Taking place from July 31st to August 8th in 1956, the Dartmouth Summer Research Project is considered a pivotal moment in the history of artificial intelligence (AI). John McCarthy, Marvin Minsky, Nathaniel Rochester, and Claude Shannon came together with four primary goals of the conference:

  • Define the field of artificial intelligence
  • Explore the potential of creating intelligent machines
  • Develop a research program for AI
  • Discuss the challenges and opportunities of AI research

The project defined the field of artificial intelligence, established a research agenda, and inspired a new generation of researchers to pursue research in AI. While not achieving all of its original goals, it laid the groundwork for future research and development in the field.

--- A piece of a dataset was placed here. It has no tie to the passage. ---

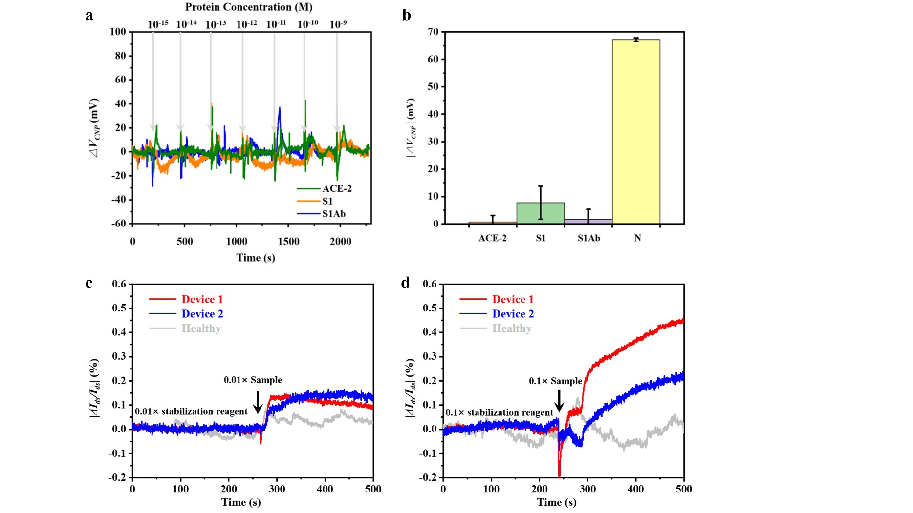 图3.GFET传感器特异性及咽拭子样本检测。(a)将不同浓度的 ACE-2、S1、S1Ab 蛋白溶液加入N蛋白抗体功能化GFET传感器时的变化。(b)1 pM浓度ACE-2、S1、S1Ab和N蛋白溶液的变化比较。(c) COVID-19患者样本与健康人样本(均稀释至 0.01×)的实时|ΔIds/Ids|信号响应。(d)COVID-19患者样本与健康人样本(均稀释至 0.1×)的实时|ΔIds/Ids|信号响应

1960s: Early Machine Translation Systems

Headline of IBM's Article on ALPS

In the 1950s and 1960s, Early Machine Translation (MT) systems emerged with the intent of performing rule-based automatic language translation. Besides the Georgetown-IBM Experiment, IBM developed the Automatic Language Processing System (ALPS) and was one of the first large-scale machine translation systems. In addition, the Soviet system METEO (Machine Translation of English into Russian) was designed to translate meteorological texts. These early systems suffered multiple issues, including limited linguistic knowledge, computational limitations, ambiguity, and context. Despite this, it laid the foundation for future development in the field and informed modern MT research.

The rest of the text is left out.